My heart moves. Thump, thump, thump. I open my eyes to the sun that peeks through my blinds. I shake off the cobwebs that seem to encompass my sleeping brain. It’s all I can do to move my weak limbs out of the bed. Finally my feet hit the ground, not fully, but just enough to grab my bible and climb back into bed.
As I raise the blinds, I feel this odd sense of déjà vu. As my eyes catch sight of Philadelphia, this silly smile comes across my face. What is this?
I’m smiling. I’m smiling again. I’m smiling again when I’m alone. It is enough to bring tears to my eyes. My heart is full and happy. Even in my loneliness I am happy. All I can do is rejoice to the one who all my joy comes from. As I close my eyes to pray, my heart sings songs of unbounded praise.
I’m feeling. I’m alone and I’m feeling.

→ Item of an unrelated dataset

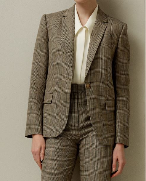 Now, my blazer is also from Lily Silk. It’s single breasted with a single button and it really is a stunning blazer. This crosses over into the country chic look really well if you like that style and worn with riding boots and cozy knit. It’s a terrific country chic outfit.
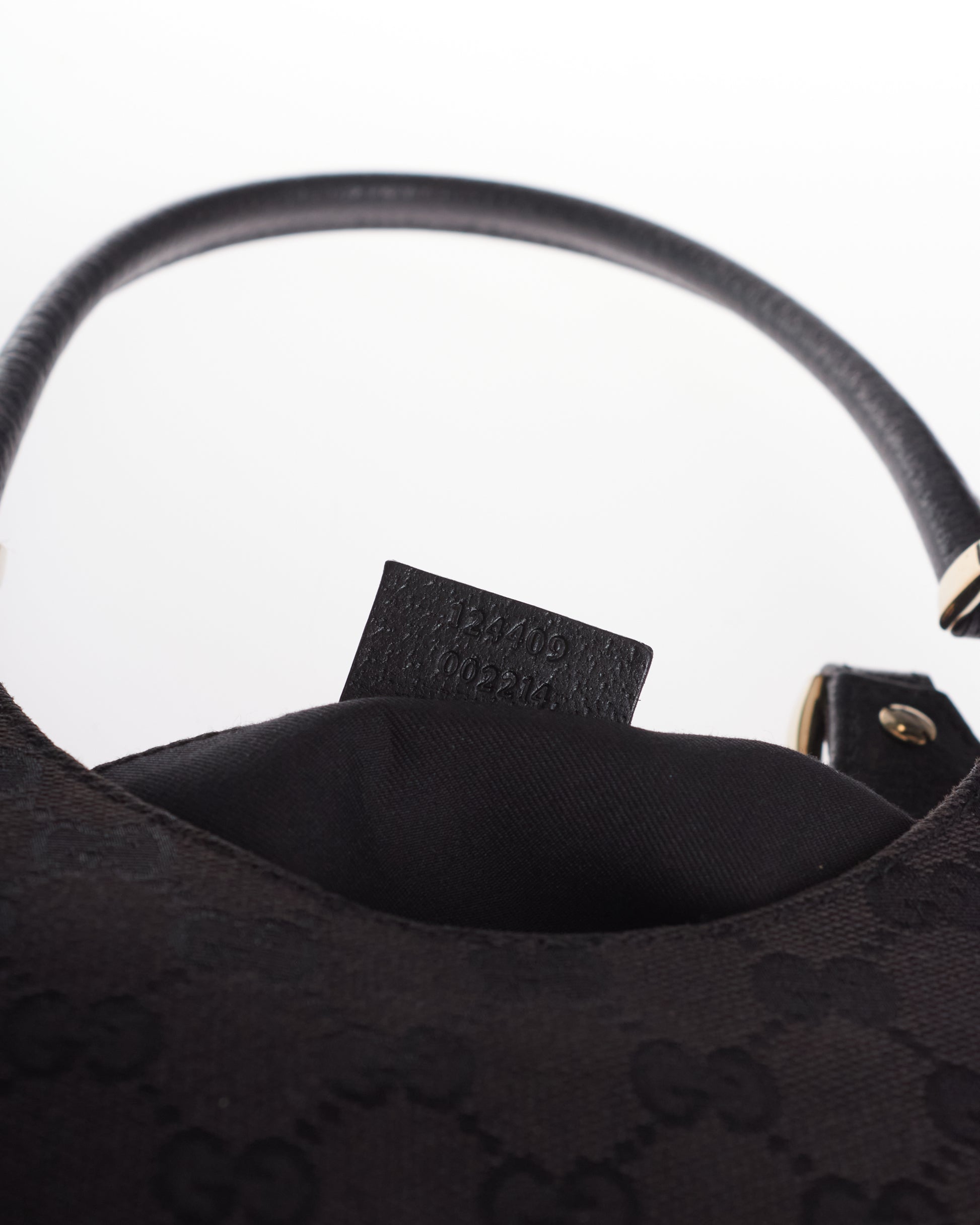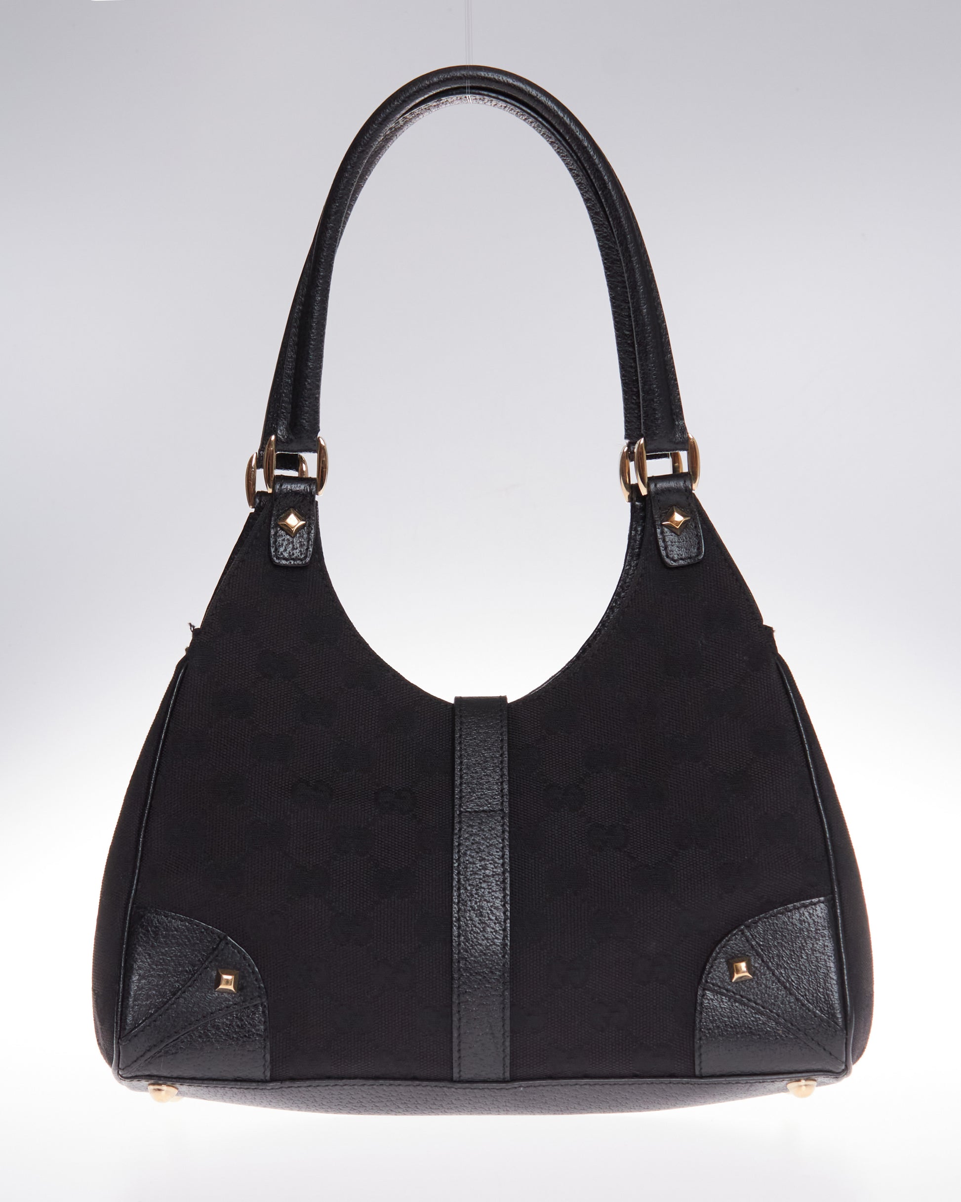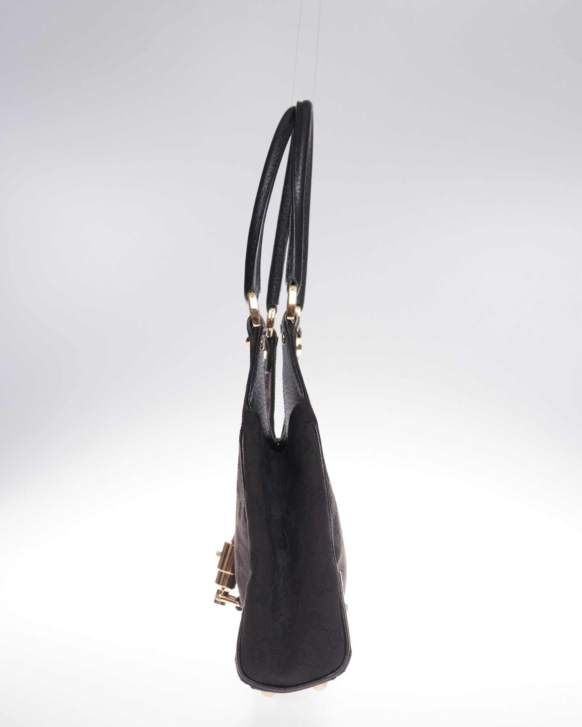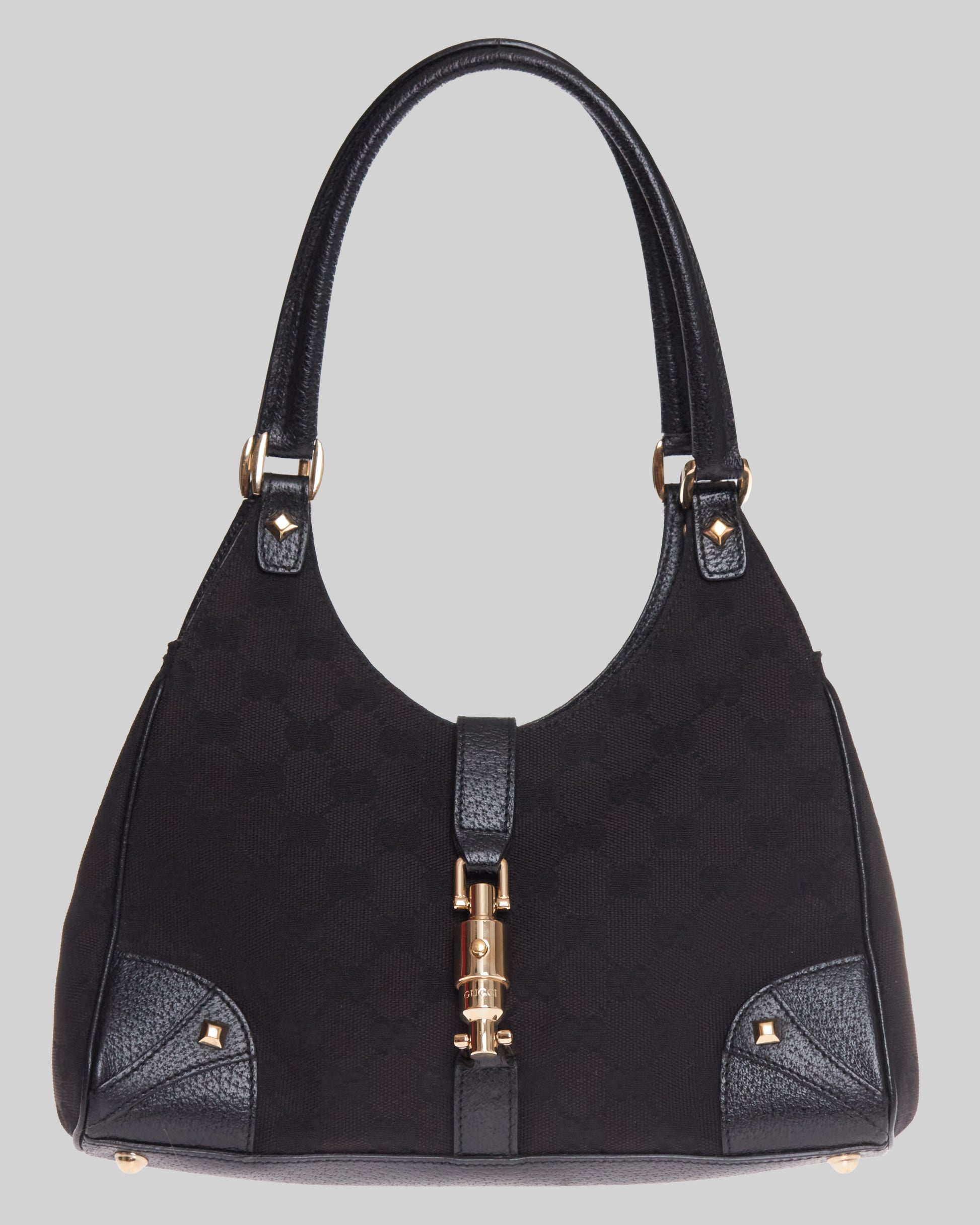 This Gucci Jackie cloth handbag has black GG canvas, black leather details and a rose-gold metal closure.

And man it feels good.
“I will exalt you, Lord,
for you lifted me out of the depths
and did not let my enemies gloat over me.
Lord my God, I called to you for help,
and you healed me.
You, Lord, brought me up from the realm of the dead;
you spared me from going down to the pit.
Sing the praises of the Lord, you his faithful people;
praise his holy name.
For his anger lasts only a moment,
but his favor lasts a lifetime;
weeping may stay for the night,
but rejoicing comes in the morning.
When I felt secure, I said,
“I will never be shaken.”
Lord, when you favored me,
you made my royal mountain stand firm;
but when you hid your face,
I was dismayed.
To you, Lord, I called;
to the Lord I cried for mercy:
“What is gained if I am silenced,
if I go down to the pit?
Will the dust praise you?
Will it proclaim your faithfulness?
Hear, Lord, and be merciful to me;
Lord, be my help.”
You turned my wailing into dancing;
you removed my sackcloth and clothed me with joy,
that my heart may sing your praises and not be silent.
Lord my God, I will praise you forever.”